Steps Foundation Stock Contest raising money for financial literacy - how ironic is that!

The other day I received an email from a member of the Steps Foundation, promoting their latest fundraising venture, an online stock contest with play money and real stocks. For a $50 entry the biggest portfolio after 1 month (contest starts June 25, though one can apparently enter late, and ends July 26).wins half the money from the total of entry fees (I cannot find the rules on the website, maybe they appear after one has paid, but I know because the email I received had the rules attached). Now the Steps organization looks legit (yes, I did check it out some since scammers are not confined to Nigeria) and their aim to raise funds to support other organizations that actually teach financial literacy by debt counseling and that kind of thing does jive with what I try to do informally with this blog. So I do have some sympathy for their aims.

However, the contest itself exemplifies the very worst way to approach the stock market, as a kind of short term lottery to make the most money in the shortest time. Maybe the Steps people, who are all financial professionals themselves, intend to write something afterwards to say "don't actually try to invest like this in real life, because you will surely lose all your money in a very short time". Given recent market action, the best strategy might well be to sit tight with the initial play cash anyway.

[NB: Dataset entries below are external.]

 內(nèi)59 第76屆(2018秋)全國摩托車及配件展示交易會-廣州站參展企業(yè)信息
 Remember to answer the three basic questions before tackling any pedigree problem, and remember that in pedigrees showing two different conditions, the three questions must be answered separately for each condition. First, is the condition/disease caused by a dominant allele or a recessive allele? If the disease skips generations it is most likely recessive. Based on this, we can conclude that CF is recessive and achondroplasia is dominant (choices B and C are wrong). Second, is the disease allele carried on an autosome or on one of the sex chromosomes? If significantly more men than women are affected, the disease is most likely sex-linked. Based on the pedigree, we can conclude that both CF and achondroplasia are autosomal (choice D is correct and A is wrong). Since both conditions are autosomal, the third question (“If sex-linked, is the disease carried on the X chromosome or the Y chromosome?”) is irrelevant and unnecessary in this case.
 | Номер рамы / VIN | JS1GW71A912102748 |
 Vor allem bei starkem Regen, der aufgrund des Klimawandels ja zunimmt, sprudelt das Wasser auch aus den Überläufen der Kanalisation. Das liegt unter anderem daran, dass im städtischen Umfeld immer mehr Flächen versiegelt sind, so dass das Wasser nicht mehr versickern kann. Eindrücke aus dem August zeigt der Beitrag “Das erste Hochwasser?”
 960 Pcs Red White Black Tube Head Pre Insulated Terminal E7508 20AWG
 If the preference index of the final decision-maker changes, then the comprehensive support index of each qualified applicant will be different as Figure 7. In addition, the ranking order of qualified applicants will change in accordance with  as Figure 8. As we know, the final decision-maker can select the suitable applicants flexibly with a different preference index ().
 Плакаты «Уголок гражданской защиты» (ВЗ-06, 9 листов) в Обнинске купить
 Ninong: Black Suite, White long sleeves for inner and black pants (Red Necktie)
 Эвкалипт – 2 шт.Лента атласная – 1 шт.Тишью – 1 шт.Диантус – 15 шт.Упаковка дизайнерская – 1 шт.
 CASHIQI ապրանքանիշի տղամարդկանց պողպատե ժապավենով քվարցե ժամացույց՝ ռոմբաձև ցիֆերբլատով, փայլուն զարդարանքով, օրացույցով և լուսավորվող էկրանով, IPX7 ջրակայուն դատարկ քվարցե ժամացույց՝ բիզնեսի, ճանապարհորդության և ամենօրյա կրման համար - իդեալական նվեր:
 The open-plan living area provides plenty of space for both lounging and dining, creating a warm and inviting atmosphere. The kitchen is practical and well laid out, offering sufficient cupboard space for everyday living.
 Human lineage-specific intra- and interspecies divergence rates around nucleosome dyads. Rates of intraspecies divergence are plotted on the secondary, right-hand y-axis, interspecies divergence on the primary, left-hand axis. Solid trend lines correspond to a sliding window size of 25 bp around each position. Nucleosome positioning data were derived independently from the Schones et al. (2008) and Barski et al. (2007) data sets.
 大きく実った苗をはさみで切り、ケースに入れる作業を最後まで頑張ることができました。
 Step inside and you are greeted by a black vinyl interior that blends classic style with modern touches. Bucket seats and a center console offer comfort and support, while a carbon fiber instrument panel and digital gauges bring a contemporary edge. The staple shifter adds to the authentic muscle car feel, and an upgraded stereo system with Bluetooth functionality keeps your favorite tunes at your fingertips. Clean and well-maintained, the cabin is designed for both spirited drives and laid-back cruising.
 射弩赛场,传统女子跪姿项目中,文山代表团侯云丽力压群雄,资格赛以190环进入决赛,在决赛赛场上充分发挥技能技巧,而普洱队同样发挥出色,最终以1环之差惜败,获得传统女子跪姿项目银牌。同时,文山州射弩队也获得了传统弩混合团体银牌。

That would certainly be a fitting and truly worthwhile financial lesson if it did happen.

Maybe if they modified the rules so that the winner would be the person with the highest Sharpe ratio aka most return per unit of volatility they might provoke some real financial literacy by obliging people to learn about and to consider that important concept and it might be a good contest too, instead of a pure game of chance.


Steps Foundation said...

Thank-you for your feedback. The team at Steps Foundation appreciates that you have taken the time to create a post about our charity. It is evident from your prior postings that we share a common goal: to improve the financial literacy of Canadians. Steps Foundation engages in multiple fundraising initiatives, volunteer recruitment efforts and awareness campaigns in support of essential financial literacy programs. Part of our strategy is to engage members of the finance community. Our latest initiative is the Bay Street Stock Market Challenge, a stock simulation competition.

We do appreciate you posting about Steps Foundation on your blog to raise awareness to our charity, but it would have been preferred if you had taken a step back to see the full picture of what our charity does and the purpose of this particular fundraiser to have the post in a more positive light. As with many fundraisers, we are trying to draw an audience that would be interested in supporting our cause which is financial literacy, not those who are in need of the support (which is what the proceeds will go towards). We have moved forward with the selected format to make it interesting for those who are avid investors, as well as to invite others to do research and explore potential investment strategies, while supporting a good cause. Although not the main reason for the event, participants may end up learning valuable lessons about the stock market, which would be an additional benefit.

As a start-up charity, this is the first year that we are running the competition, and we welcome any feedback on how we could improve this for future years. As with any start-up, it was difficult to forecast enrollment and sponsorship, so we decided that a 50/50 prize split was the best format for this year. In future years as we grow in size, we anticipate that all prizes will come from sponsorships and would not take away from funds available to support our charitable initiatives.

Please note that we are accepting late sign-ups for the next few days, so all those who are interested are still welcome to join.

If anyone has any further questions, please do not hesitate to send an email to info@stepsfoundation.ca and we would be happy to answer them.

Steps Foundation

CanadianInvestor said...

FWIW, the Steps folks can take solace in the Oscar Wilde quote "There is only one thing in life worse than being talked about, and that is not being talked about."